Clinical Characteristics of Acutely Hospitalized Adults With Community-acquired- Pneumonia

September 15, 2022 updated by: University of Southern Denmark

Clinical Characteristics of Hospitalized Adults With Community-acquired- Pneumonia at the Emergency Department: A Cross-sectional Study

There is no gold standard when diagnosing of pneumonia. The variability of clinical signs and symptoms make it difficult to distinguish pneumonia from other causes of respiratory conditions.

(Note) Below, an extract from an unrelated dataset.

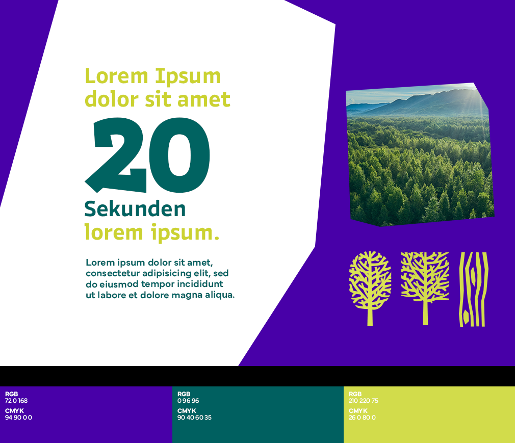 Unser erster Schritt: die Entwicklung einer eigenen Marke und eines mitreißenden Claims. Unter "Holz rettet Klima" bündeln wir alle Maßnahmen unserer Initiative und sorgen mit Claim, Logo und einer prägnanten Corporate Identity mit ungewöhnlicher Farbgebung dafür, dass sich das Engagement auch visuell einprägt und schnell wiedererkannt wird.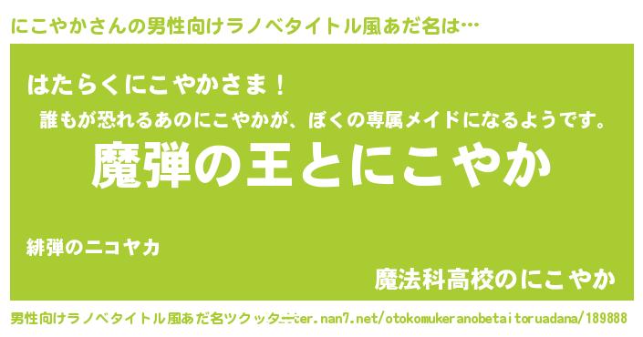 | ヒーロー風カッコイイあだ名 | 『仮面ニコダー』『超時空戦士ニコヤカ』 |

Well defined characteristics upon arrival to the emergency department will contribute to the better and quicker diagnosis of community-acquired pneumonia.

Study Overview

Status

Completed

Conditions

Intervention / Treatment

Detailed Description

Currently, pneumonia diagnosis is primarily based on clinical symptoms such as cough, shortness of breath, chest pain, fever and sputum production, combined with X-ray of the lungs, relevant blood tests and microbiological analysis of sputum samples. The X-ray is an imprecise diagnostic tool, and results from sputum assays are first available after 2 days. In the elderly, pneumonia presents with clinically differing signs such as delirium, malnutrition, and there may be an absence of fever, cough and dyspnea. The physical examination is also challenged by a broad variety of atypical symptoms like headache, dry cough and gastrointestinal symptoms in the form of nausea, vomiting or diarrhea. Our hypothesis is that well-defined clinical characteristics upon arrival to the emergency department will contribute to the better and quicker diagnosis of pneumonia.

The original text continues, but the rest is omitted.